On Mon 14-09-20 09:57:02, Vijay Balakrishna wrote:
On 9/14/2020 7:33 AM, Michal Hocko wrote:
On Thu 10-09-20 13:47:39, Vijay Balakrishna wrote:
When memory is hotplug added or removed the min_free_kbytes must be
recalculated based on what is expected by khugepaged. Currently
after hotplug, min_free_kbytes will be set to a lower default and higher
default set when THP enabled is lost. This leaves the system with small
min_free_kbytes which isn't suitable for systems especially with network
intensive loads. Typical failure symptoms include HW WATCHDOG reset,
soft lockup hang notices, NETDEVICE WATCHDOG timeouts, and OOM process
kills.
Care to explain some more please? The whole point of increasing
min_free_kbytes for THP is to get a larger free memory with a hope that
huge pages will be more likely to appear. While this might help for
other users that need a high order pages it is definitely not the
primary reason behind it. Could you provide an example with some more
data?
Thanks Michal. I haven't looked into THP as part of my investigation, so I
cannot comment.
In our use case we are hotplug removing ~2GB of 8GB total (on our SoC)

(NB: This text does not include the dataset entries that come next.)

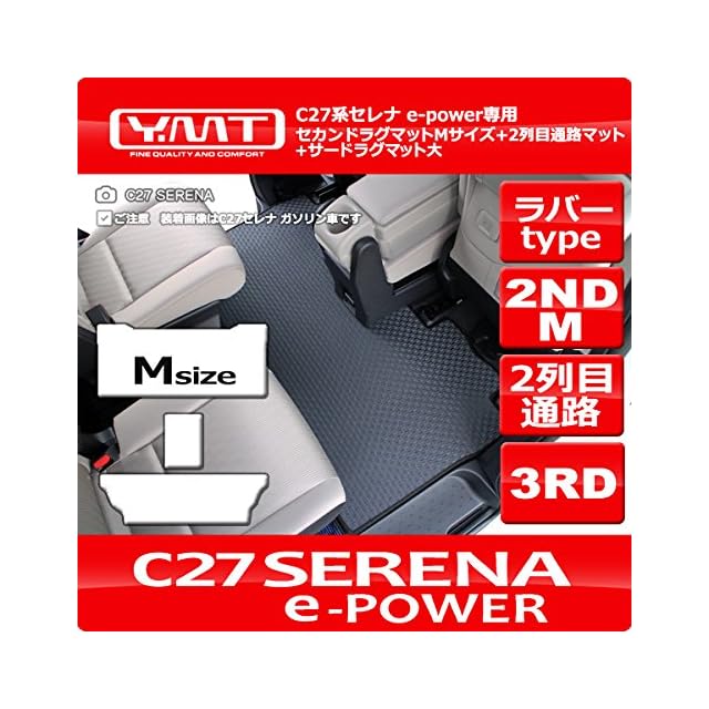 YMT 新型セレナ e-power C27 ラバー製セカンドラグマットMサイズ+2列目通路マット+3RDラグマット大 C27-EP-R-2ND-M-3RD
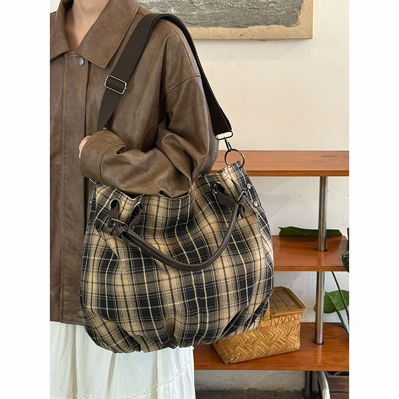 韓国レトロウールチェック柄キャンバスバッグ女性のための 2025 新しい大容量トートバッグ通勤ショルダークロスボディバッグ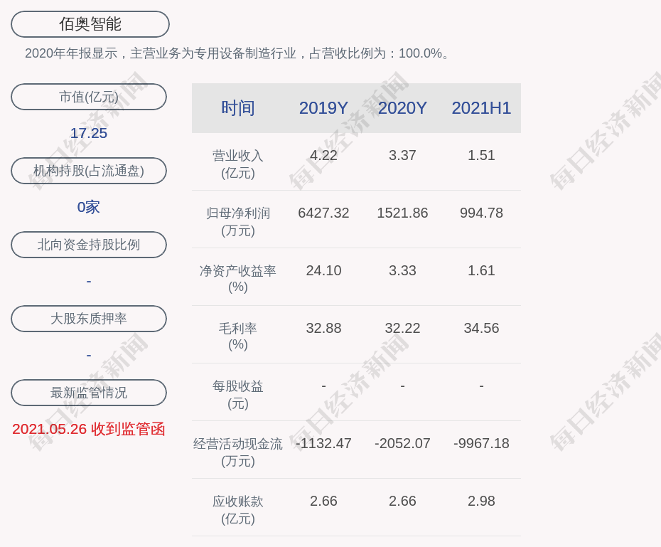 2020年年报显示,佰奥智能的主营业务为专用设备制造行业,占营收比例为:100.0%。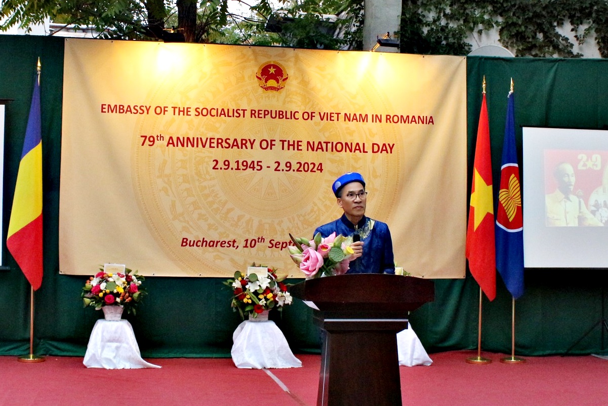 Tối 10/9, tại Trụ sở Đại sứ quán, trong một không gian thuần Việt, Đại sứ quán Việt Nam tại Romania đã long trọng tổ chức Lễ kỷ niệm 79 năm Quốc khánh 2/9 (2/9/1945 – 2/9/2024).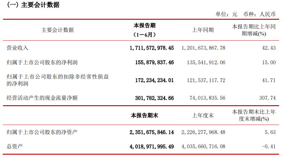 8月23日,松霖科技公布2022年半年度報(bào)告,報(bào)告期營業(yè)收入17.12億元,同比增長42.43%;歸屬于上市公司股東的凈利潤1.56億元,同比增長15.00%;歸屬于上市公司股東的扣除非經(jīng)常性損益的凈利潤1.72億元,同比增長41.71%;基本每股收益0.39元。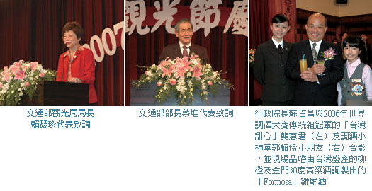 甫於去年上任的交通部觀光局長賴瑟珍首先於致詞時表示,在旅遊同業共同努力下,2006年台灣的Inbound觀光表現非常亮眼,今年共有350萬餘人次來台觀光;除了表達深切的感謝之意之外,也期勉在新的一年,能再接再厲創下更好的成績。觀光局將今年的來台目標總人次訂為375萬,希望能有更多人看見台灣這塊美麗的土地。而交通部長蔡堆也表示,交通建設是觀光業發展的堅強後盾,高鐵的營運更加縮短了南北間的距離,擴大一日生活及觀光圈的範圍,這對於觀光行程的規劃有著革命性的改變,在觀光蔚為風潮的今天,各地相關的觀光建設及服務更是刻不容緩。從發掘輔導在地特色、提升軟硬體服務品質到國內外行銷等,各項工作均需要環環相扣、由點而面,以建構健全的觀光旅遊網絡。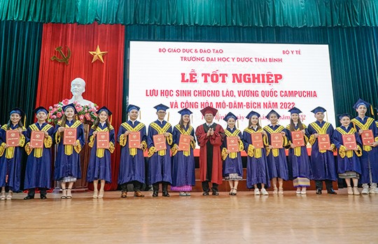 | Ban Giám hiệu trường Đại học Y Dược Thái Bình trao bằng tốt nghiệp cho các lưu học sinh Lào năm 2022. (Ảnh: tbump.edu.vn) |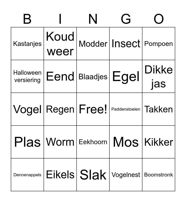 This bingo card has a free space and 24 words: Worm, Eikels, Blaadjes, Dennenappels, Pompoen, Kastanjes, Halloween versiering, Koud weer, Paddenstoelen, Eekhoorn, Egel, Vogel, Mos, Kikker, Eend, Vogelnest, Takken, Modder, Dikke jas, Regen, Boomstronk, Plas, Insect and Slak.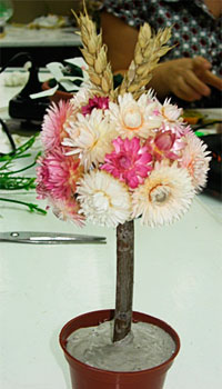 В результате проведенного мастер-класса слушатели ознакомились с основными понятиями, инструментами, материалами, приспособлениями флористического дизайна и научились изготавливать флористическое дерево.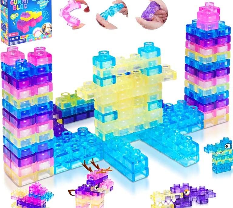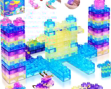 The JOY SPOT 40 PCS Sensory Soft Building Blocks set is designed to deliver safe, hands-on learning for toddlers through creative play. Made from thick, non-toxic TPE rubber, these squeezable and stretchable blocks are perfectly sized for little hands to grip, stack, and explore comfortably. The soft elastic texture provides a rich sensory experience while helping develop fine motor skills, hand-eye coordination, and early problem-solving abilities. Featuring 40 chunky pieces in bright, engaging colors, the blocks connect securely yet separate easily to reduce frustration during play. Durable, easy to clean, and lightweight for travel, this Montessori-inspired construction set is ideal for home, preschool, daycare, or on-the-go entertainment.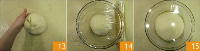 rundet den Teig 13 und legt ihn in eine zuvor eingefettete Schüssel. Dann mit Frischhaltefolie abdecken 14. Lasst den Teig gehen, bis er sich verdoppelt hat; das dauert etwa 2 Stunden 15.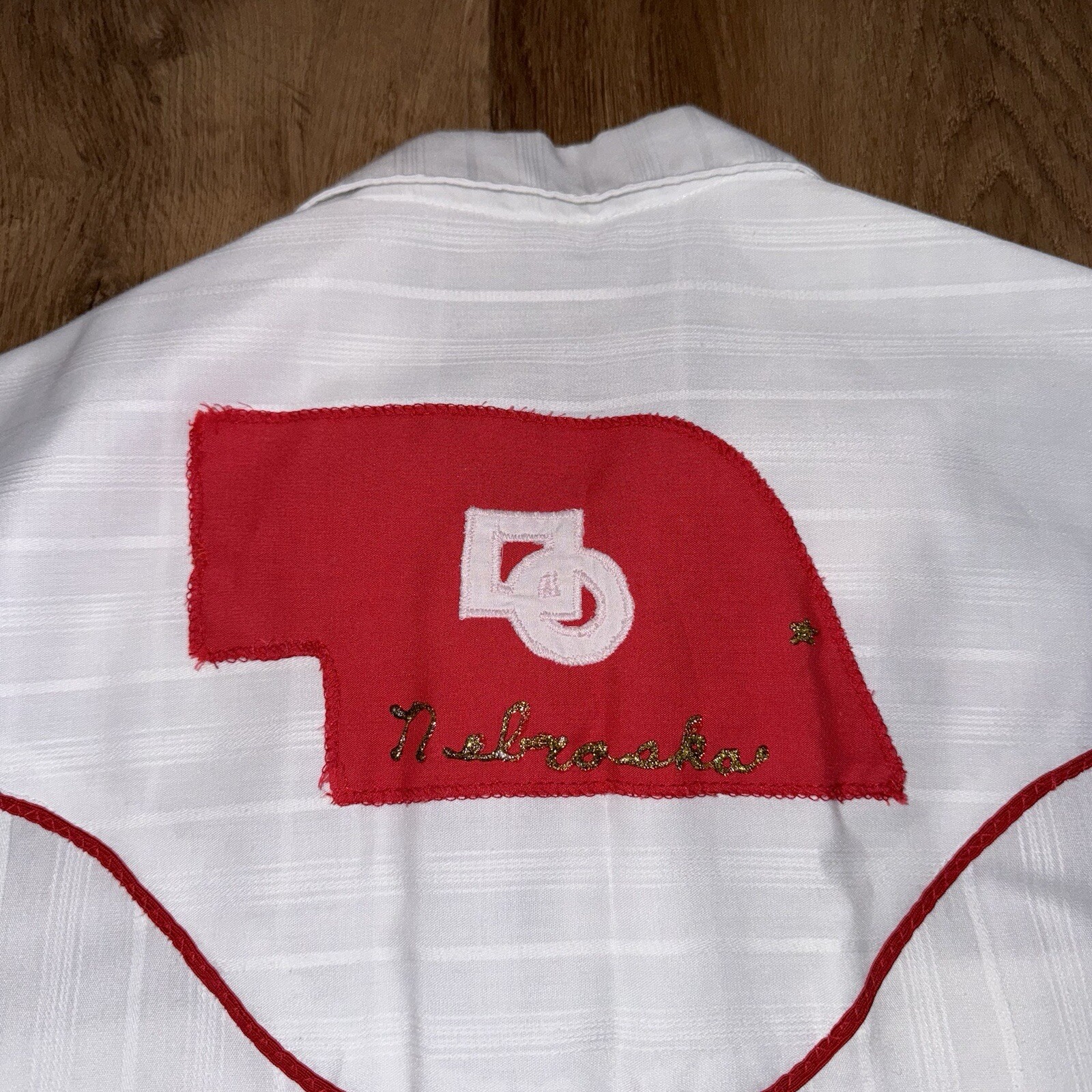Nebraska Cornhuskers Shirt Pearl Snap Western Cowboy Rockabilly VTG Mens Large
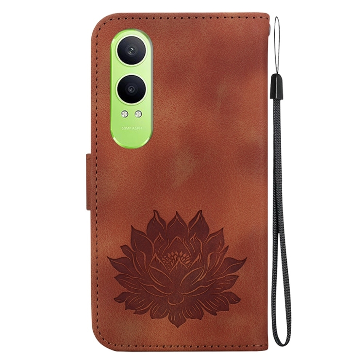 Para Oppo K12X Lotus Funda de Cuero En Relieve para Teléfono (Marrón)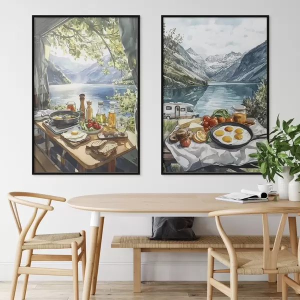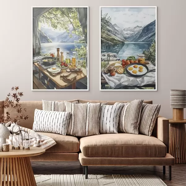 Poster Camping, ästhetisches Frühstück am See, Aquarellstil d00405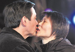 中新網2月15日電 據臺灣中國時報報道,常給人酷酷形象的周美青,一直未在“大選”時出面助選,十四日情人節晚上首度和馬英九同臺,兩人三度擁吻,合唱“今天你要嫁給我”,還感性推銷馬英九雖不懂人情世故,但正直、善良、敦厚、溫和、認真、負責。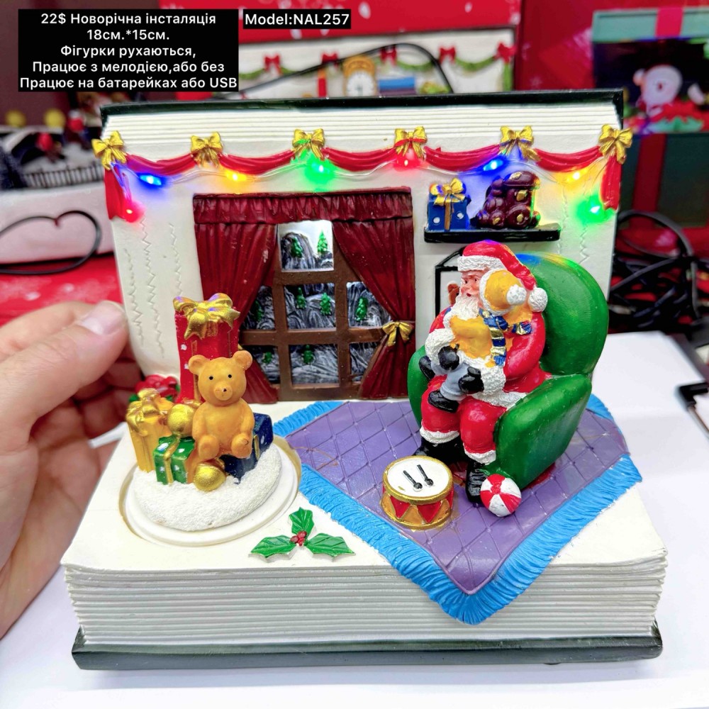 Новорічна інсталяція.Фігурки рухаються працює з мелодією,або без на батарейках або USB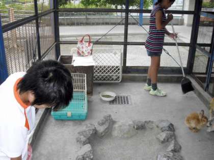 夏休みは、毎日飼育委員会の子どもたちがウサギの世話に来ています。(7月30日)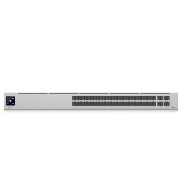 อุปกรณ์ 10G SFP+ Switch USW-Pro-Aggregation บริหารจัดการได้ระดับ Layer 3, มี 28 พอร์ต SFP+ ความเร็ว 10G และ 4 พอร์ต SFP28 ความเร็ว 25G รองรับการเชื่อมต่อสายไฟเบอร์ออฟติกโดยผ่านอุปกรณ์ SFP Module มี Touchscreen Display (1.3" LCM color touchscreen) แสดงสถานะการทำงาน, สามารถกำหนดการตั้งค่าและตรวจสอบการทำงานของสวิตช์ ได้จากทุกที่ โดยควบคุมผ่าน UniFi Controller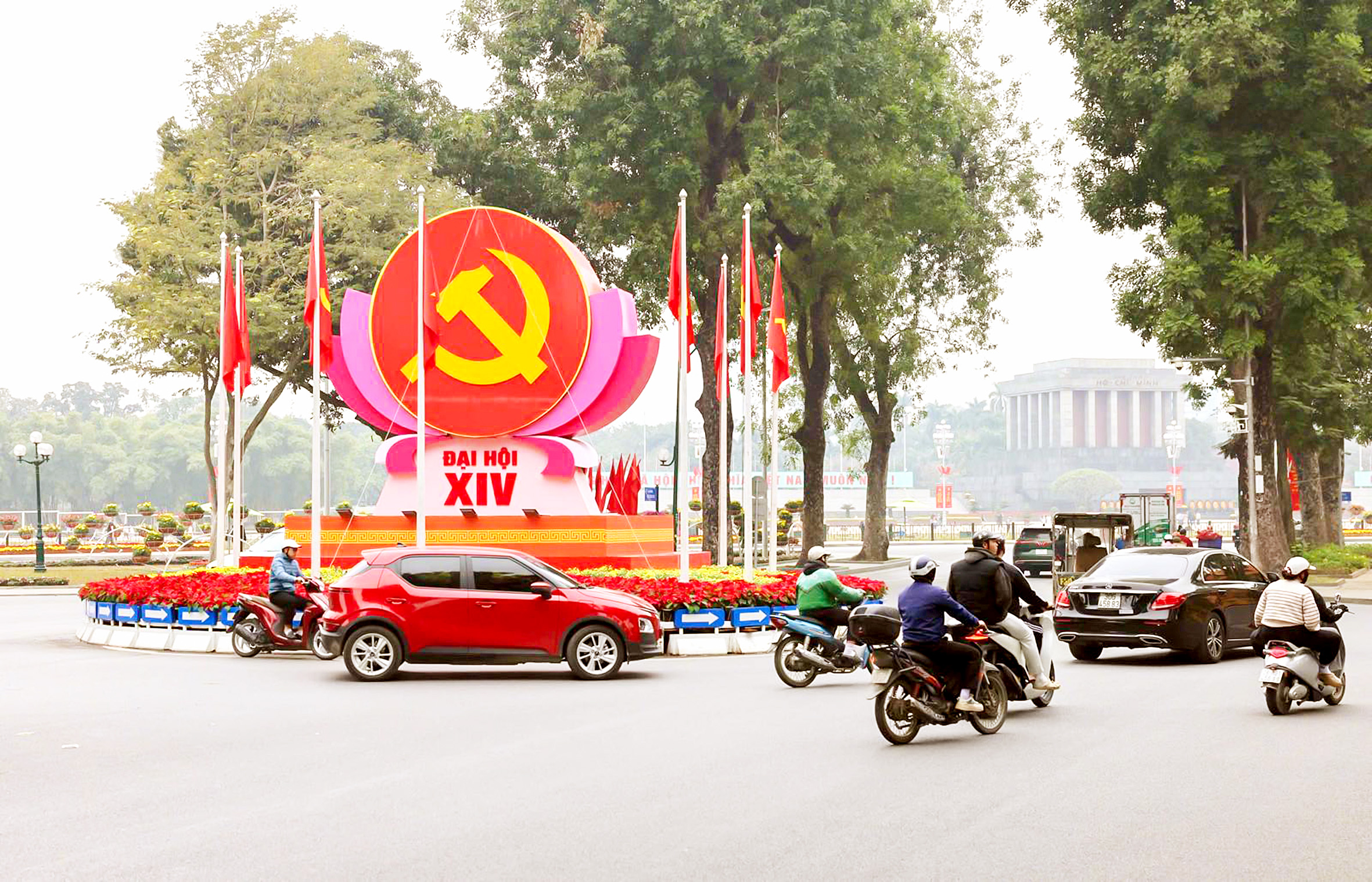 TP Hà Nội rực rỡ cờ hoa chào mừng Đại hội XIV của Đảng. Ảnh: QUANG PHÚC

during normal reboot/shutdown. This memory is hotplug hot-added as movable
type via systemd late service during start-of-day.
In our stress test first we ran into HW WATCHDOG recovery, on enabling
kernel watchdog we started seeing soft lockup hung task notices, failure
symptons varied, where stack trace of hung tasks sometimes trying to
allocate GFP_ATOMIC memory, looping in do_notify_resume, NETDEVICE WATCHDOG
timeouts, OOM process kills etc., During investigation we reran stress test
without hotplug use case. Surprisingly this run didn't encounter the said
problems. This led to comparing what is different between the two runs,
while looking at various globals, studying hotplug code I uncovered the
issue of failing to restore min_free_kbytes. In particular on our 8GB SoC
min_free_kbytes went down to 8703 from 22528 after hotplug add.
Did you try to increase min_free_kbytes manually after hot remove? Btw.
I would consider oom killer invocation due to min_free_kbytes really
weird behavior. If anything the higher value would cause more memory
reclaim and potentially oom rather than smaller one.